霍恩铭慢吞吞的坐起身,“我明白了,走吧。”
自如对他这么爽快有些惊讶,他的眼神如死水一般毫无波澜,“在我死之前,我都是一名律师。”
江舒看他干脆,问了一句,“你倒不怕我们骗你?”
他头也不回,“我见过陶八少爷,我只是抽大烟,可并不傻。”
江舒朝自如撇了撇嘴,遭到自如无情的嘲笑。
霍恩铭行走时颤颤危危,长期吸食大烟让他疲倦虚弱至极,江舒他们总担心他随时要倒下。
他招呼他们去了他临时赁的一处住所,就在烟馆附近。
他其实不缺钱,便是在家也可以抽,但他不喜欢待在家里,那里的一景一物都勾起他的回忆,天天伤心,索性搬了出来。

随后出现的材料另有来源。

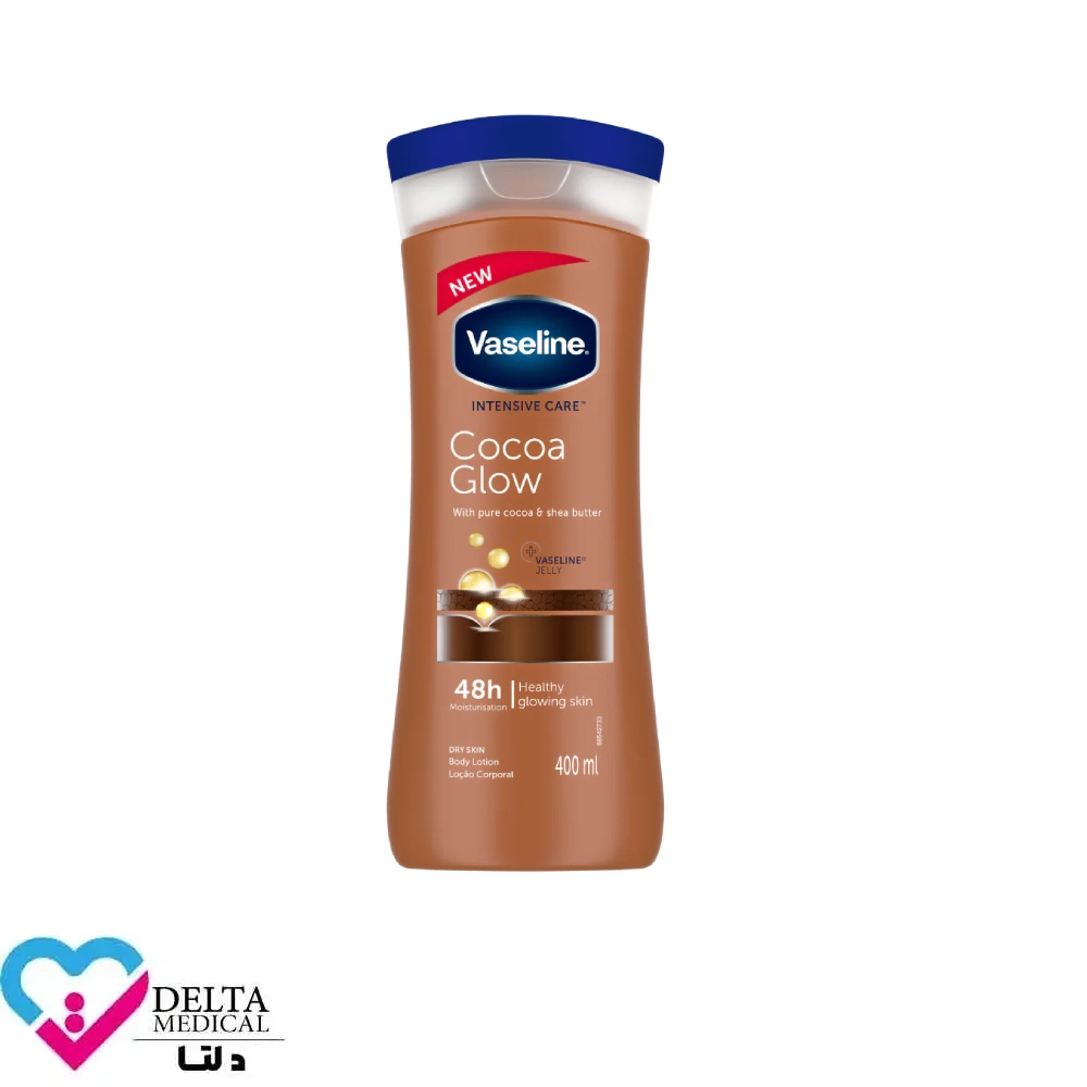 لوسیون بدن کاکائو وازلین (Vaseline Cocoa Glow) | مرطوب کننده ۴۸ ساعته با درخشش طبیعی

这住所不过放了一张床一个立柜,木板床上被子潮得发出霉味,显然许久未曾住人。
霍恩铭从床下拉出一个竹箱,从里面拿出一件长袍来,往夹层里掏了掏,便找出一枚钥匙。
他又在立柜里拿出一个木盒子,用钥匙打开后,使了巧劲卸了嵌板,从底下的夹层里拿出一个信封来。